Sql-server – Is left hash join always better than left outer join

hashingsql server

I have a query that runs quite slow (see below). While searching for a way to improve it we found that the query runs about ten times faster if we replaced the LEFT OUTER JOIN with LEFT HASH JOIN

The result seems to be the same. Is it? In what cases wont it return the same result? What difference are there? Is there something that i should look out for when running a LEFT HASH JOIN instead of a LEFT OUTER JOIN?

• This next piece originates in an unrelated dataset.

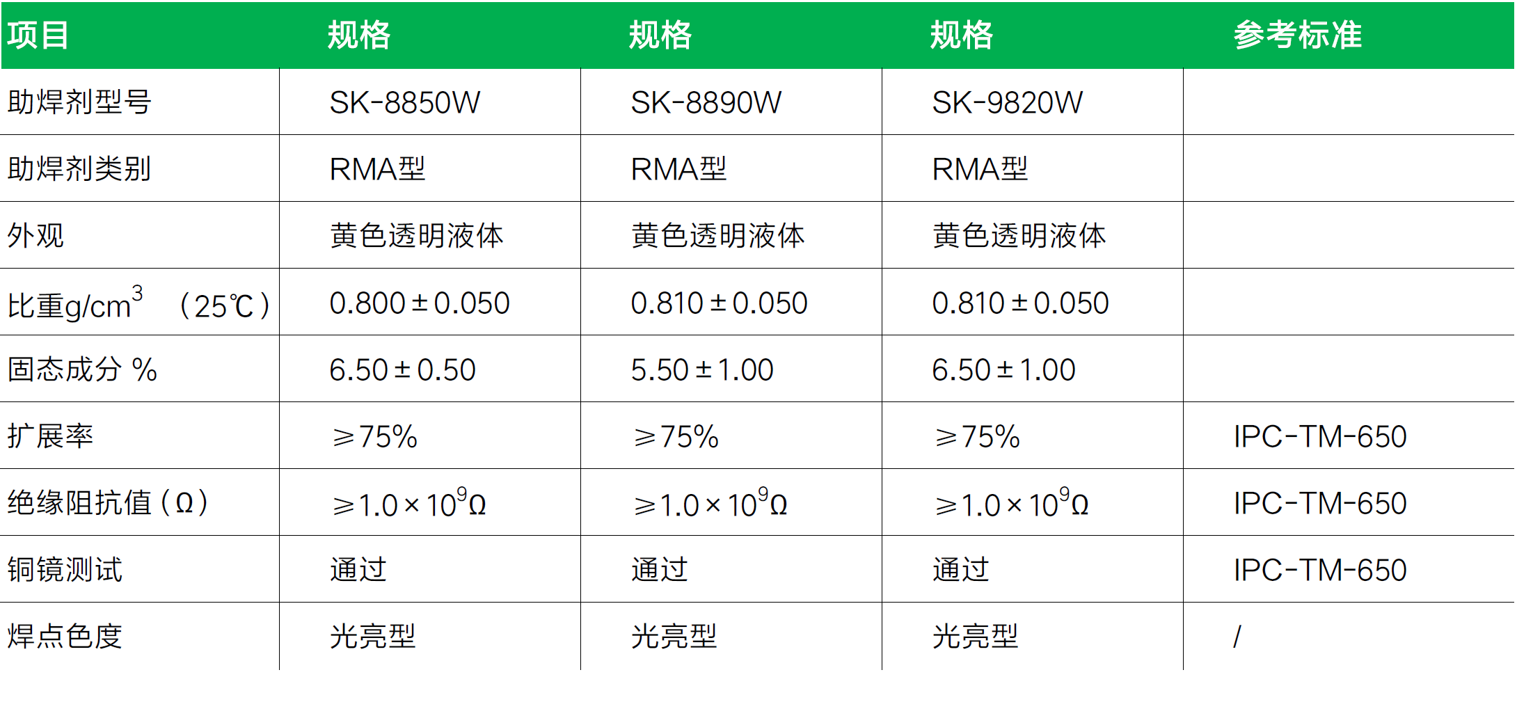 適用工藝:噴霧、粘浸涂布,可適用于單波峰作業(yè)。

The [ABC].[ExternalTable] table in the query is a view on a different server that i have added as a external table

SELECT t.foo, t.bar, t.data
FROM [dbo].[Table] as t
LEFT OUTER JOIN [ABC].[ExternalTable] as s ON s.foo = t.foo and s.bar = t.bar and s.data = t.data
WHERE s.foo is null and s.bar IS NULL and s.data IS NULL

Best Answer

Semantically, both queries are the same. The LOOP versus the HASH simply tells SQL Server which option to use to return results. If you run the query without LOOP or HASH, SQL Server may pick either of those options, depending on which it thinks will perform best. Both options return identical results by design. To put it slightly differently1, the keywords HASH and LOOP in this case are what is known as join hints, one of the three kinds of hints in Transact-SQL. To confuse you even more, you can also specify a join hint as a query hint, though the effect is not necessarily the same in both cases. Be aware that providing these kinds of join hints implies a FORCE ORDER hint, which specifies that the join order indicated by the query syntax is preserved during query optimization (see Paul's answer below for further details).

SQL Server uses statistics on each table in the query to make an informed choice about what kind of physical operation to take with for each JOIN in the T-SQL query statement.

In this case, since [ExternalTable] is a view referenced through a linked server, SQL Server probably expects there to be 1 row in the table - i.e. it has no idea how many rows to expect.

You can either add a join hint to your query to force a merge join, or simply copy rows from [ExternalTable] into a local #temp table with a clustered index, then run the query against that.

The full syntax for the hash join would be:

LEFT OUTER HASH JOIN [ABC].[ExternalTable] s ON s.foot = t.foo .....

The version with the HASH in the join statement is allowing SQL Server to choose the join type, and in your particular case it's most likely choosing a LOOP join, which you could force with:

LEFT OUTER LOOP JOIN [ABC].[ExternalTable] s ON s.foot = t.foo .....

I typically would not recommend specifying the join type since most of the time SQL Server is very capable of choosing the most appropriate style of join operator.


1 - thanks Andriy for the wording here.